# Improperly cleaned Red Fish?



## SteveCal (Jun 21, 2014)

I took an out of state family member fishing. He filleted a red fish but left a lot of red meat attached. I've always removed the red parts. 

They left for home but forgot the fish.

My question is, after thawing the meat should I remove the red parts? Will the fish taste O.K. with the red part left on?

I plan to cook it this week end (grill or deep fry) and hope it isn't ruined.


----------



## lastcast (Oct 12, 2007)

Trim when thawed, it'll be fine.


----------



## Snagged Line (Sep 30, 2007)

It is ruined.... Leave it iced down in a small Yeti cooler and I will stop by and pick up and properly dispose of both the Yeti and the offending Redfish......

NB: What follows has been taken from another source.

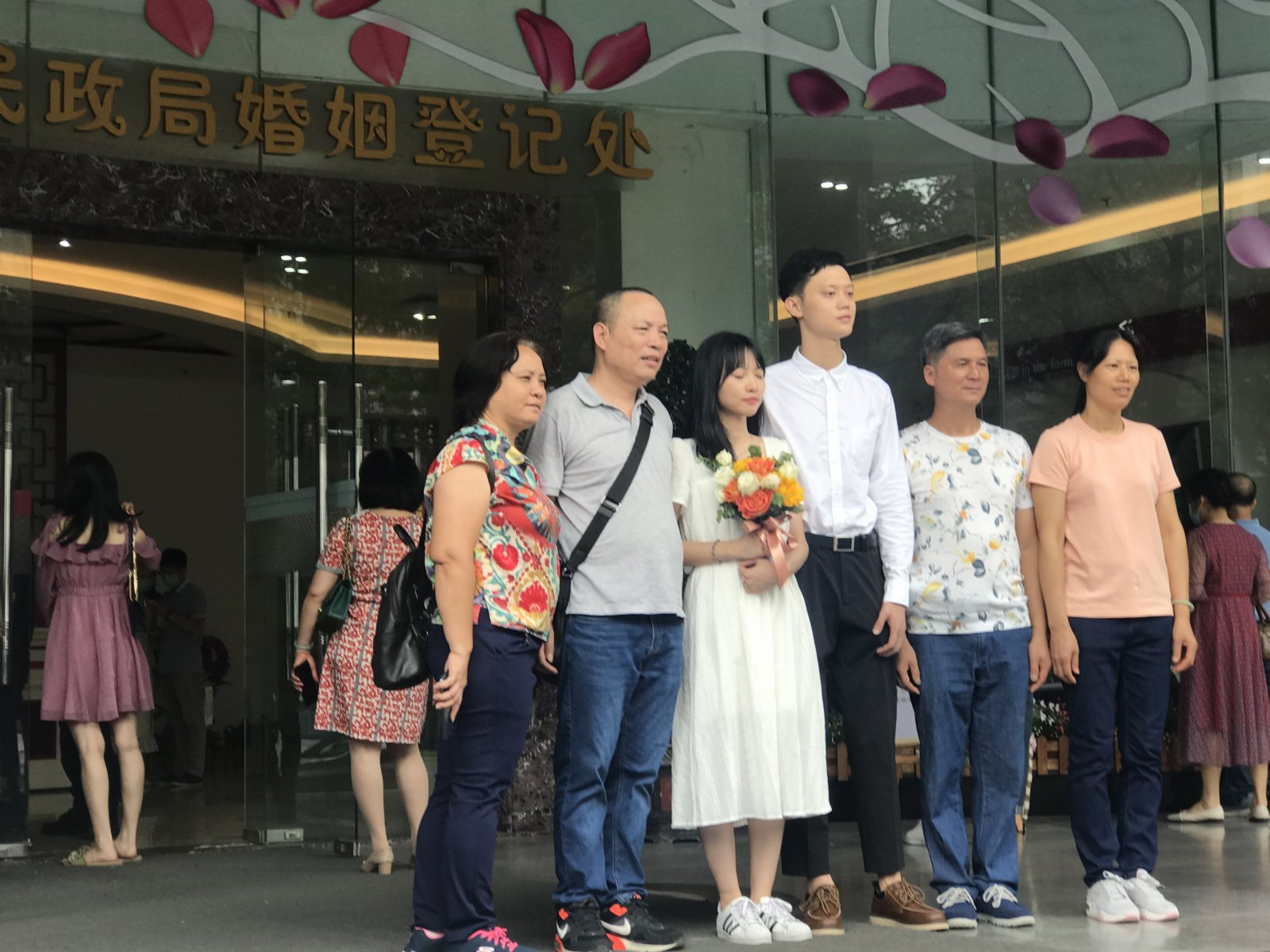 現場很多新人都是全家上陣,共享這一喜慶時刻。新娘子陳女士告訴記者,他們本來年初就要登記結婚的,但因為丈夫外派工作幾個月,沒有來得及辦理,這次趁他休假,兩人決定在廣州登記。「我們雙方父母也都請假過來了,見證我們登記、成家的重要一刻。」

Like Skip suggested, trim after thawing and cook...Send Photos of the cooked fish to the folks kind enough to leave behind....


----------



## Rickpcfl (Nov 12, 2013)

Like outcast said - trim it when it is thawed. It won't affect the taste at all.


----------



## badonskybuccaneers (Aug 19, 2013)

I agree with the above comments- freezing it will have affected it more than the leaving the red meat, lol


----------



## JoeyWelch (Sep 25, 2009)

Throw it all away and get another species of fish if your hungry. My opinion is a redfish isn't worth the trouble for food.


----------



## 60hertz (Oct 1, 2007)

In my experience the way a fish was handled PRIOR to freezing it has more to do with preserving good taste and texture than anything else.

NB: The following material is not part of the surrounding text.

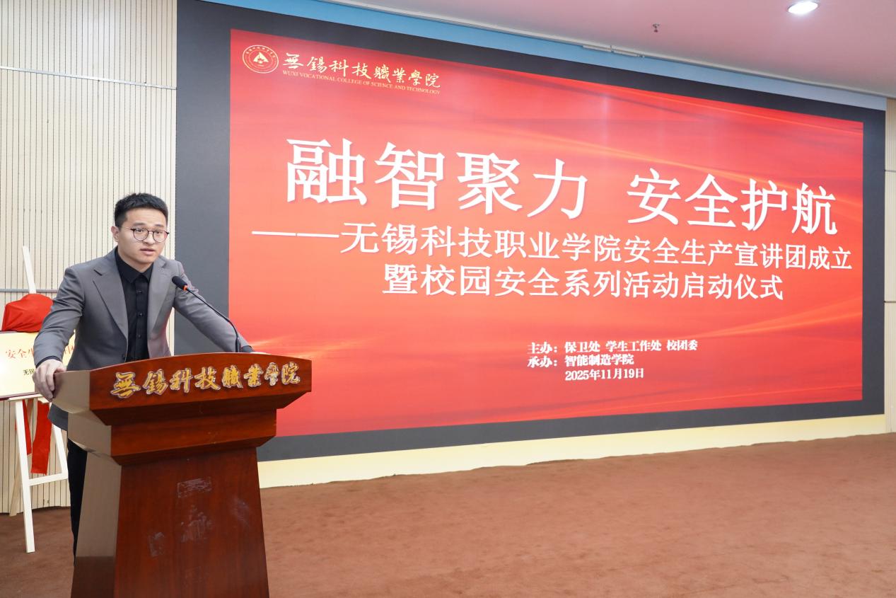 11 月 19 日下午,无锡科技职业学院“融智聚力 安全护航”安全生产宣讲团成立暨校园安全系列活动启动仪式在学校博文楼报告厅举行。无锡市新吴区应急管理局党委书记、副局长张凡明,无锡科技职业学院副校长王锡刚出席活动,学校保卫处、学生工作处、团委、智能制造学院相关负责人,各二级学院师生代表近 400 人参加活动。

In the rare circumstance that I freeze red fish, I often leave the skin ON the fillet - this way I can still do redfish "on the half shell" if I want.

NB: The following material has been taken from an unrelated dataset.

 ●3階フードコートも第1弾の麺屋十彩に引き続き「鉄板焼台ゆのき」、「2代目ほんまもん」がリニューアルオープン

Here's what I do with reds, trout, and flounder.

Keep them alive in the live well until I'm back at the ramp and have "landed" the fish.

On the way home I stop and get two 16 pound bags of ice. Drain 1/2 of the water from the live well and put enough ice in there to slowly kill the fish.

I like to clean them just after they have died and just when the cold water has firmed the flesh up.

Before I start cleaning the fish I get two tubs. I will put a nice layer of ice in one and clean tap water and ice in the second (I never use water directly from the garden hose on my fish!)

For trout and reds, I use an electric knife to cut the fillets and throw them into the clean ice bath. Once I've cut all of the fillets off, i use a fillet knife ( I have a CutCo fisherman's knife) and cut the ribs out and cut the skin off the fillet.

The fillets then go into the tub of clean ice. 

If I'm going to cook them within 1-2 days, I will transfer to a ziplock bag that I then keep in an ice bath in the refrigerator.

If I'm going to freeze the fillets, then I lay them on a shallow pan lined with wax paper in the freezer for 3 - 4 hours. Once they are frozen, I place the fillets into a vacuum seal bag and they get vacuum sealed. I always write the date, species, and body of water on the vacuum sealed bag

Similar process for flounder, but I just dehead and gut them. I usually butterfly flounder and stuff with crab and grill or bake flounder. Rarely will I fillet them.

Is this OVERKILL? Sure, but I firmly believe that taking care of fish PRIOR to freezing them preserves the quality of the fish more than anything.

When offshore, we just pile the fish into the fish boxes and keep them packed in ice until we arrive back at the dock.

I still clean them the same way I do inshore fish.


----------



## SteveCal (Jun 21, 2014)

Thanks for the replies. I'm gonna remove the red part and deep fry it this week end.

I don't have a Yeti Snag. I have $5.00 yard sale blue light specials.


----------